WHAT YOU NEED TO DO: The required output is the line with "身丈 61 64 67 70 73" plus all lines that follow it to the end of the listing below, written out exactly, with no pictures.

DATA SHOWN:
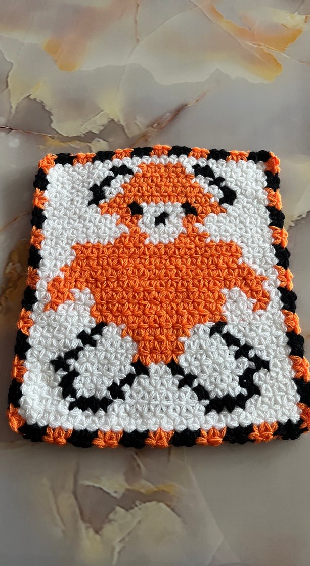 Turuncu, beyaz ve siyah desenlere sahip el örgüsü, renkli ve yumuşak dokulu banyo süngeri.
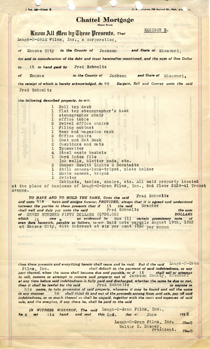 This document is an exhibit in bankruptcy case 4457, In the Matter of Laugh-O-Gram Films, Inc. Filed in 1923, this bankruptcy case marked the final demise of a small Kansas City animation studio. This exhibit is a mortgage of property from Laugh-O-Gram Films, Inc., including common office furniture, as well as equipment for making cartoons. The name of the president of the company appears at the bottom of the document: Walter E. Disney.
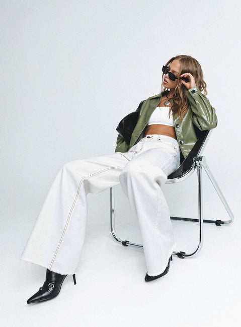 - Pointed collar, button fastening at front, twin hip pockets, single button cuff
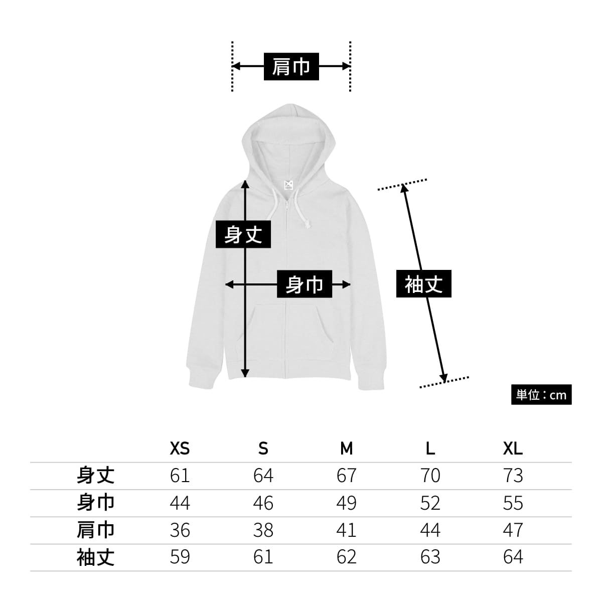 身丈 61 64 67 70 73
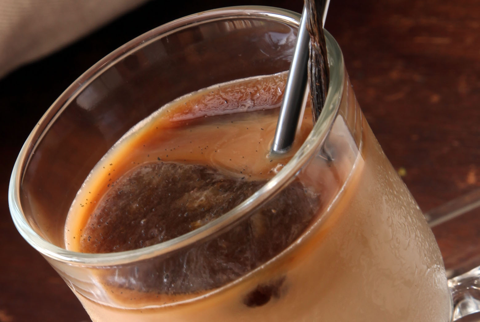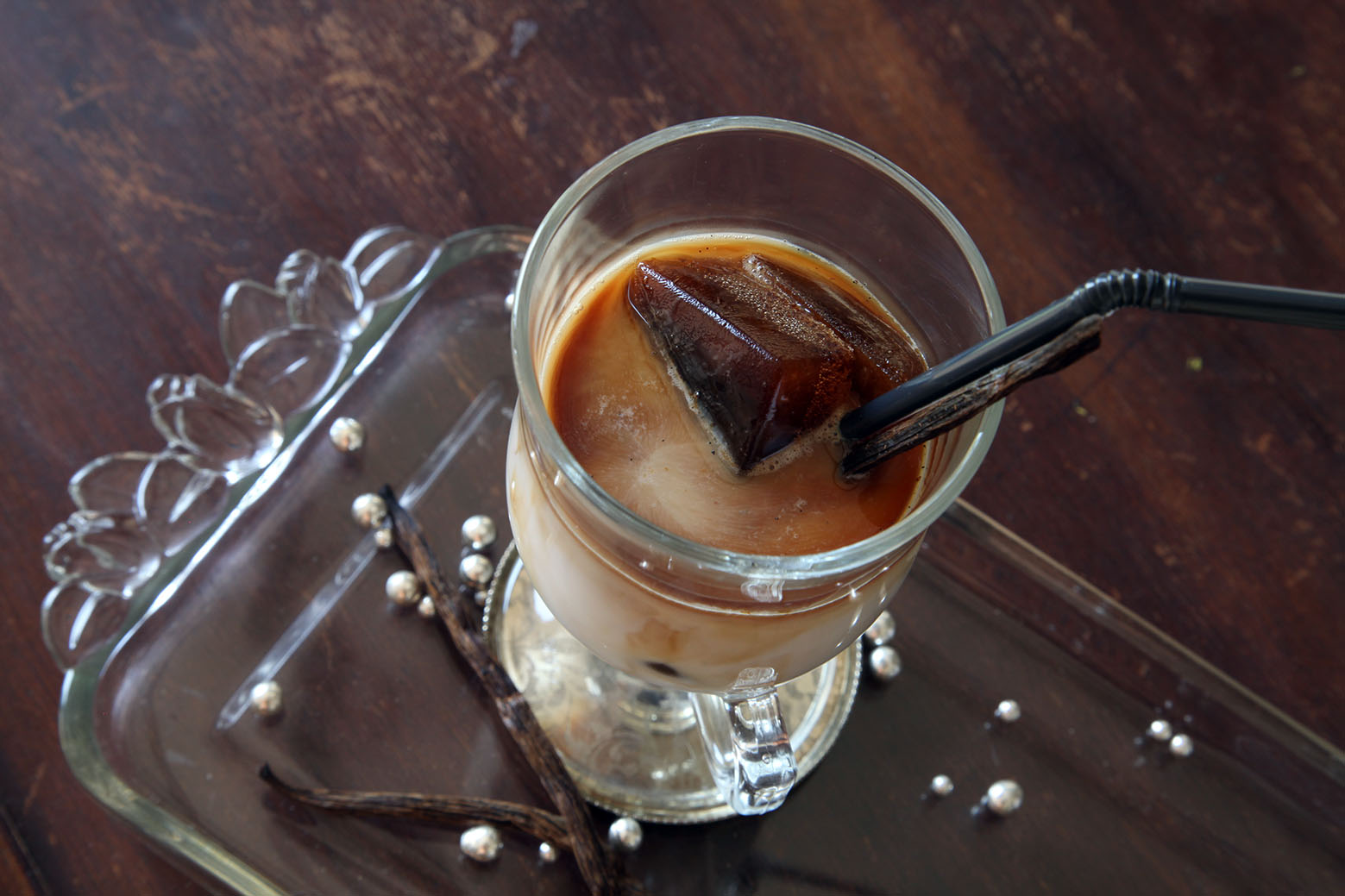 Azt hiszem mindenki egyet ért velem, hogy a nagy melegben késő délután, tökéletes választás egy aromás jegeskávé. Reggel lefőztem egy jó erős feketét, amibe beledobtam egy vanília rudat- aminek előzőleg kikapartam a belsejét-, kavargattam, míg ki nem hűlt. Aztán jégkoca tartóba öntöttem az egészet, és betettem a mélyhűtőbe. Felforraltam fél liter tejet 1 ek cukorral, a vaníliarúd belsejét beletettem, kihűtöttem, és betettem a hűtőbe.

RESULT FOR THIS TASK:
 身丈 61 64 67 70 73
 Azt hiszem mindenki egyet ért velem, hogy a nagy melegben késő délután, tökéletes választás egy aromás jegeskávé. Reggel lefőztem egy jó erős feketét, amibe beledobtam egy vanília rudat- aminek előzőleg kikapartam a belsejét-, kavargattam, míg ki nem hűlt. Aztán jégkoca tartóba öntöttem az egészet, és betettem a mélyhűtőbe. Felforraltam fél liter tejet 1 ek cukorral, a vaníliarúd belsejét beletettem, kihűtöttem, és betettem a hűtőbe.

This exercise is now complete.